On the Saturday before Dan Roberts was arrested, Margaret Roberts went to his office. It was in the lot next to her house, the lot where Dan parked his bucket trucks and flew the rebel flag. She opened the door, and there was Joe Sims, sitting there with Dan and Sammy Crump. She had met Sims a few years before and had detested him on sight; whenever she picked up the phone and he was on the other end asking for Dan, she tried to let him know she had no use for him. "You remember Joe Sims, don't you, Margaret?" Dan said.

Sims looked at her. "Aw, I don't think she remembers me, Dan," he said.

"I remember you," Margaret said, then turned around and left. Later, she told Dan that he was "just trouble," but by this time Dan Roberts had bigger worries. "They'd actually decided to back out," she says. "Dan had gone to Fred and said, 'You better stop this, Fred, it's gone too far.' But Fred was scared. Joe Sims had a roll of money, and Fred was scared about what was going to happen if the deal was called off. That's why Dan went. He feared for Fred's life, and didn't want Fred to go alone. But they didn't bring any weapons, and they never did touch that money."

This is not exactly true. The money was the money necessary for Dan Roberts and Fred Thomas to buy a silencer and a cell-phone-activated improvised explosive device from the undercover agent posing as an arms dealer. Dan Roberts didn't have it, so he might not have touched it. But according to sworn FBI testimony at a subsequent bond hearing, Fred Thomas had it, and bartered a pistol to help defray the cost. And Joe Sims had it, despite being jobless since getting out of jail. He got the money — the roll of bills — from the same place the undercover agent got the silencer and the replica of a claymore explosive: from us. It is our money financing a policy that treats the inclination to commit acts of terror the same as the acts themselves. It is our money furthering terrorist plots that — in the case of the geriatric jihadists, anyway — could have been stopped with a Post-it note on Fred Thomas's front door.

And so on the morning of Tuesday, November 1, Fred Thomas and Dan Roberts met with Joe Sims and his roll of cash in the faraway end of the vast parking lot of the new Walmart in Cornelia, Georgia. He was with the undercover agent in a white Ford truck with Virginia plates, and just before lunch, they all got in. Dan Roberts was in the backseat with Joe Sims; Fred Thomas was in front, doing the talking.

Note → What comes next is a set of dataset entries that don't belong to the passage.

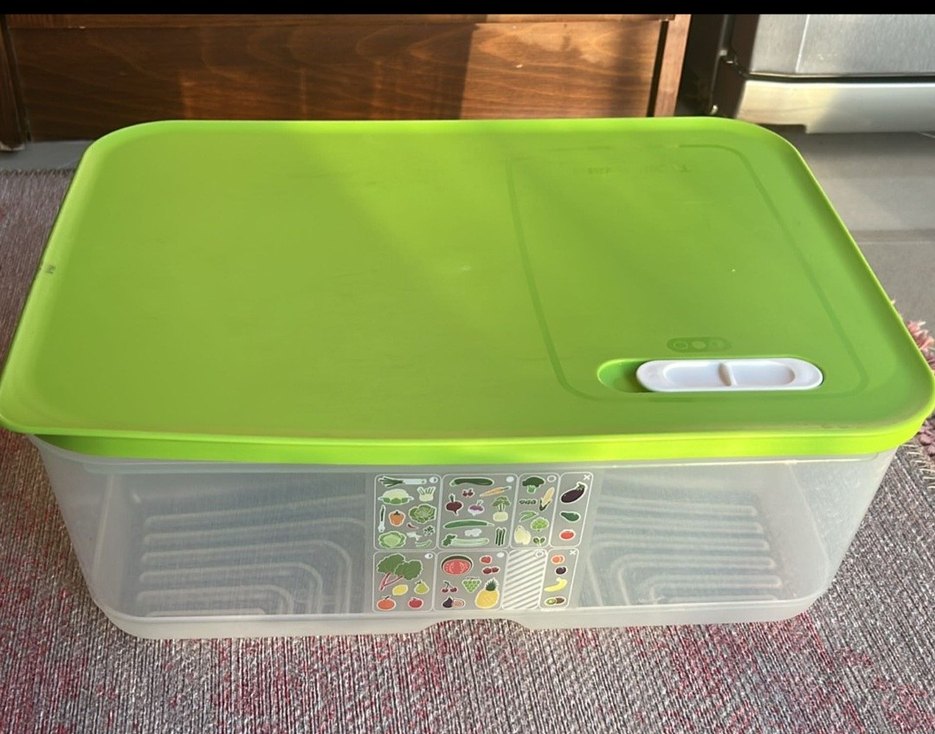 Tupperware plastik meyve sebze saklama kabı, güvenli kapaklı, mutfak eşyalarını düzenlemek için uygundur.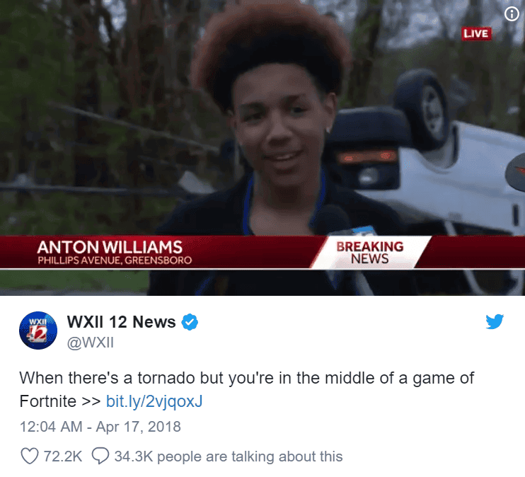 Geçtiğimiz aylarda doğal afetlerden olan kasırga ABD'de bir eyalette gerçekleştiği anda, bir çocuk ailesi ile evde kalırken, kasırgayı gördükleri halde ailesinin kaçmaya çalıştığı ve Williams adındaki çocuğun odasına geri dönerek oyunu oynamaya devam etmiş olması kayıtlara geçti.
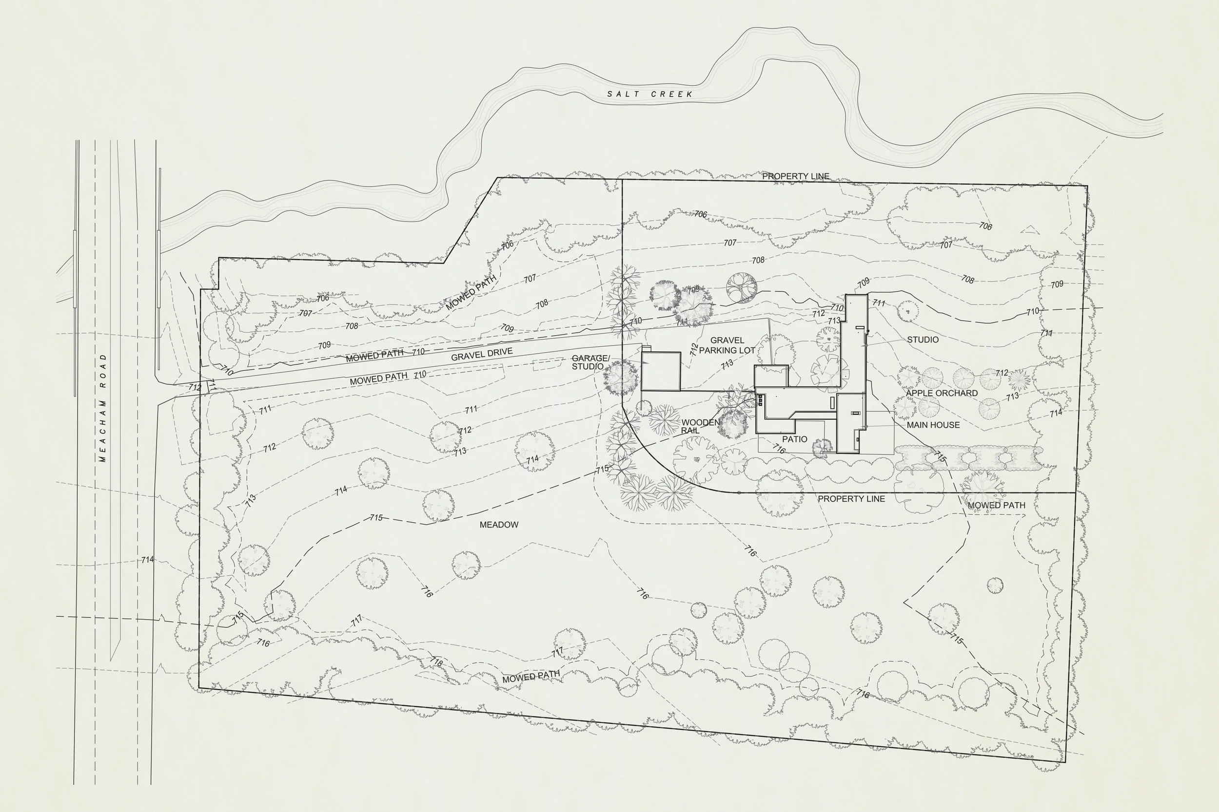 The actual site for the house was on the edge of a farm in what was then the town of Roselle (later to become part of Schaumburg). The land was acquired prior to the trip as a gift, in addition to his architect fee, for his work in transforming a large barn on the nearby Kern farmstead into a residence for L.D. Kern in the mid-1930’s. Schweikher was intrigued by the potential of rural living on a site endowed with a generous horizon and gentle creek yet close enough to commuter rail service to bustling Chicago.

He had written in his introduction to the Militia of Georgia about the blood that he'd shed for his country. He'd told the undercover agent "I've been to war, and I've taken life before, and I can do it again." He had never done any of it. He was in the Navy; he had never shed blood, nor had his blood been shed. He was in the grip of fantasy, from first to last, until the money was handed to the driver of the white truck. Then a van and a Chevy Suburban came wheeling through the lot, and as they ripped past some workers from the Captain D's on their way out to lunch, one of them said, "Don't look now, but there's a SWAT team in that Suburban."

Then all four doors of the Suburban opened simultaneously, along with all the doors of the minivan. The SWAT teams jumped out and threw their flash grenades, and in the thunderclap that followed they pulled Thomas and Roberts out of the car and pinned them facedown on the ground with their hands trussed behind their backs and a circle of automatic weapons trained on their heads. At the same time, Sammy Crump was being arrested at a gas station in Toccoa; Ray Adams was being arrested near his house in his car; Margaret Roberts was being mistakenly handcuffed after coming home to meet Dan for lunch; and the door to Charlotte Thomas's Sinatra shrine was being kicked in while flash grenades exploded on the floor. A parade of law-enforcement vehicles from jurisdiction after local jurisdiction rolled into the lot, and after spending about twenty minutes with their faces pressed against asphalt, Fred Thomas and Dan Roberts were allowed to stand up. They both looked a little sheepish. Both of them had pissed their pants. And when they looked around for Joe Sims —

"That son of a bitch," Dan Roberts said.